[Opening Task inputs section]
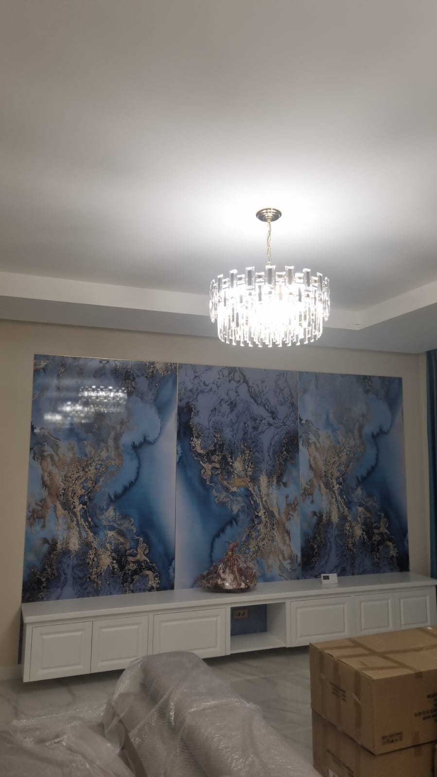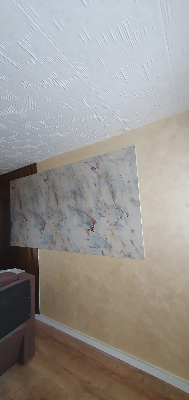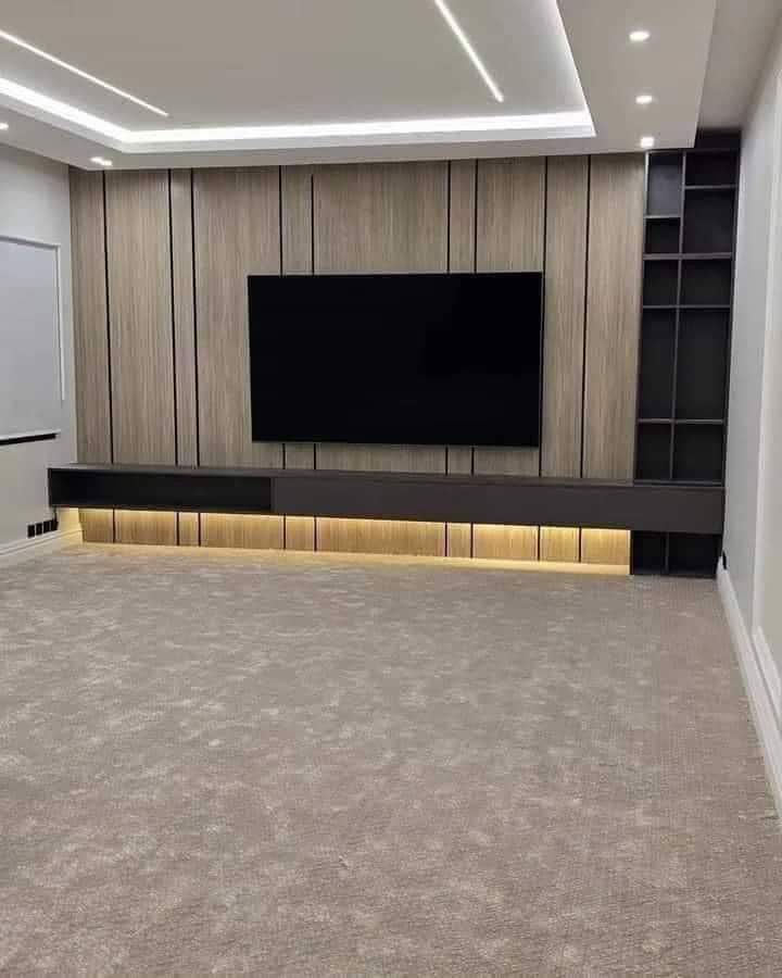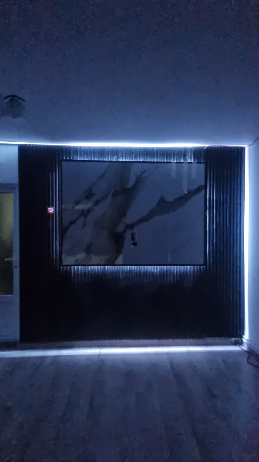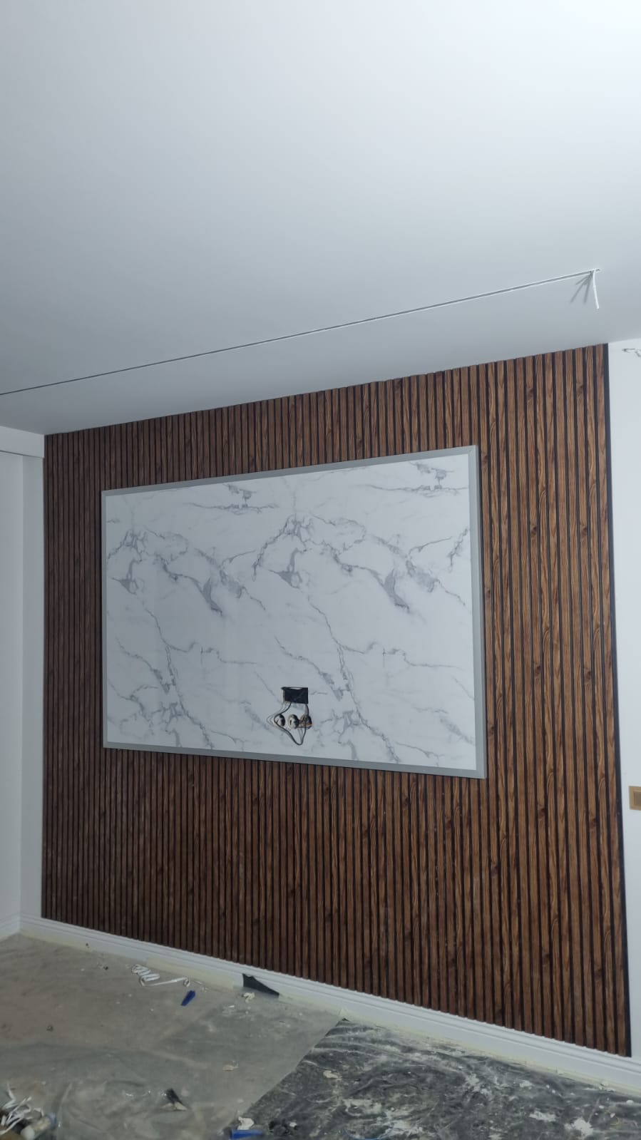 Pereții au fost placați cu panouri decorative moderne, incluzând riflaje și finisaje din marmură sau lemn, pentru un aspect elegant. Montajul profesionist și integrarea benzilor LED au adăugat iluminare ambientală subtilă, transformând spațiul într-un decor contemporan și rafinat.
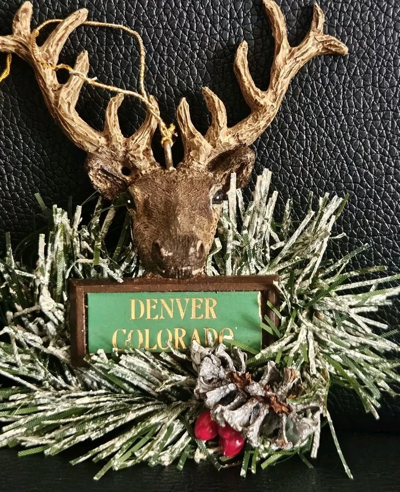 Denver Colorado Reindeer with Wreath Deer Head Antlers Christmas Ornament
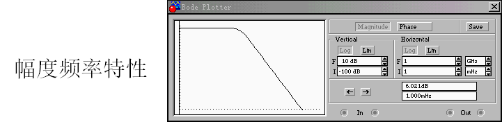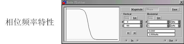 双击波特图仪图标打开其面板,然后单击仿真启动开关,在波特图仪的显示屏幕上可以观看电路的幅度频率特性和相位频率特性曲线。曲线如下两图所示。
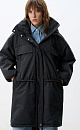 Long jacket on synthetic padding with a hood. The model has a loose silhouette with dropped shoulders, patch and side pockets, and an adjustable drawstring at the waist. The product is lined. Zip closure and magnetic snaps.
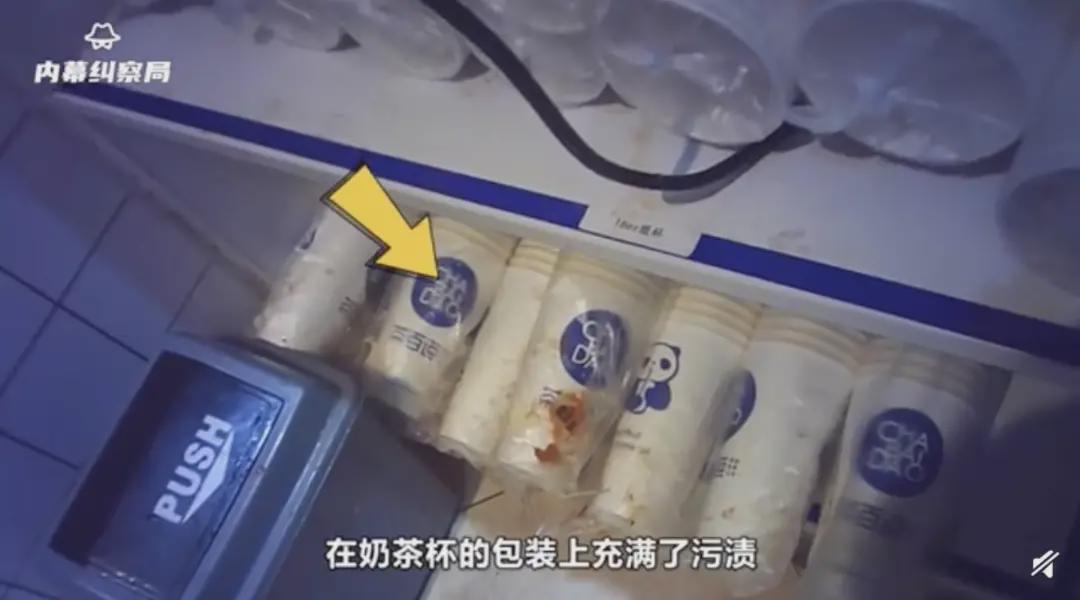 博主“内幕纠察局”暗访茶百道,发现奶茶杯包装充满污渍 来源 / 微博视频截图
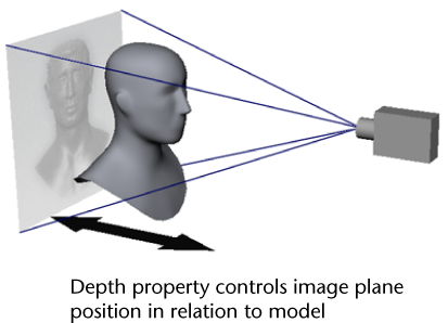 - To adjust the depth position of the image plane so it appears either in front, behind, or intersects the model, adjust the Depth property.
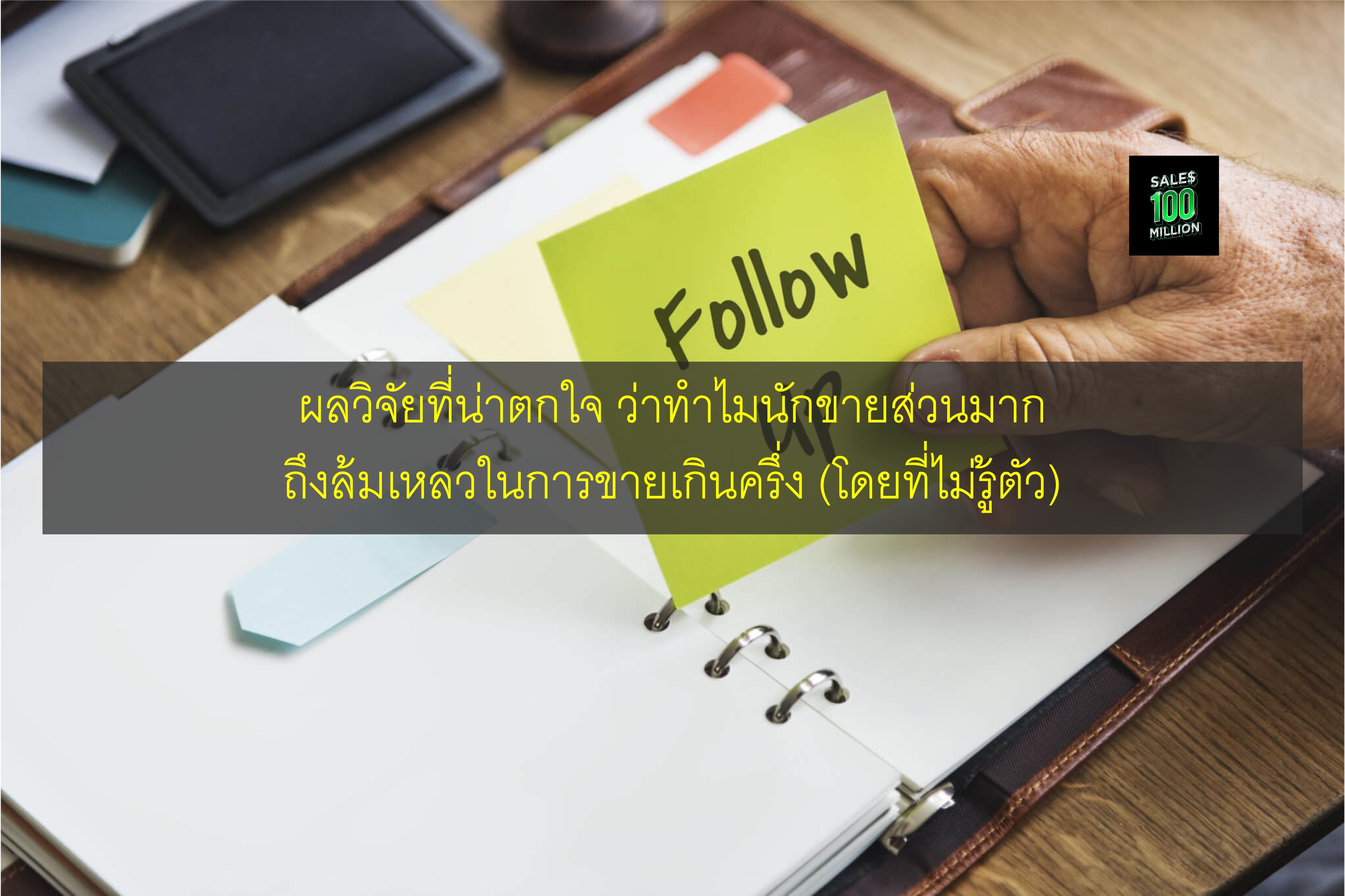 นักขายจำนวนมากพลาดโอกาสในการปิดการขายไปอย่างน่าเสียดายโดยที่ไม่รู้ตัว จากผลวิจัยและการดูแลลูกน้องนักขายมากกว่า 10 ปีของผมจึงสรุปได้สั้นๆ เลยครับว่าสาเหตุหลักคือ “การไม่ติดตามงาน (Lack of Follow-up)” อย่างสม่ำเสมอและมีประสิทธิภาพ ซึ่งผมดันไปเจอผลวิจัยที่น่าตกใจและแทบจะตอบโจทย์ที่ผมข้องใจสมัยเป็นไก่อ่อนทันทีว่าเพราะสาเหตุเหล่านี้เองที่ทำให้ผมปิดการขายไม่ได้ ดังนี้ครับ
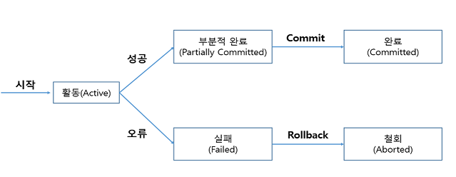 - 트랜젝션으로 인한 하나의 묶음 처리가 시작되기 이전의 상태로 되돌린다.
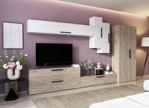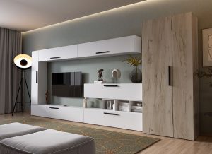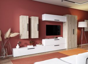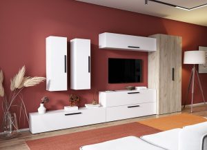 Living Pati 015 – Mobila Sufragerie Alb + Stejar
[Closing Task inputs section]
Give the lines again exactly, starting where the entries begin and stopping once the line with "- To adjust" is included; pictures are not copied.

● Your solution
 Pereții au fost placați cu panouri decorative moderne, incluzând riflaje și finisaje din marmură sau lemn, pentru un aspect elegant. Montajul profesionist și integrarea benzilor LED au adăugat iluminare ambientală subtilă, transformând spațiul într-un decor contemporan și rafinat.
 Denver Colorado Reindeer with Wreath Deer Head Antlers Christmas Ornament
 双击波特图仪图标打开其面板,然后单击仿真启动开关,在波特图仪的显示屏幕上可以观看电路的幅度频率特性和相位频率特性曲线。曲线如下两图所示。
 Long jacket on synthetic padding with a hood. The model has a loose silhouette with dropped shoulders, patch and side pockets, and an adjustable drawstring at the waist. The product is lined. Zip closure and magnetic snaps.
 博主“内幕纠察局”暗访茶百道,发现奶茶杯包装充满污渍 来源 / 微博视频截图
 - To adjust the depth position of the image plane so it appears either in front, behind, or intersects the model, adjust the Depth property.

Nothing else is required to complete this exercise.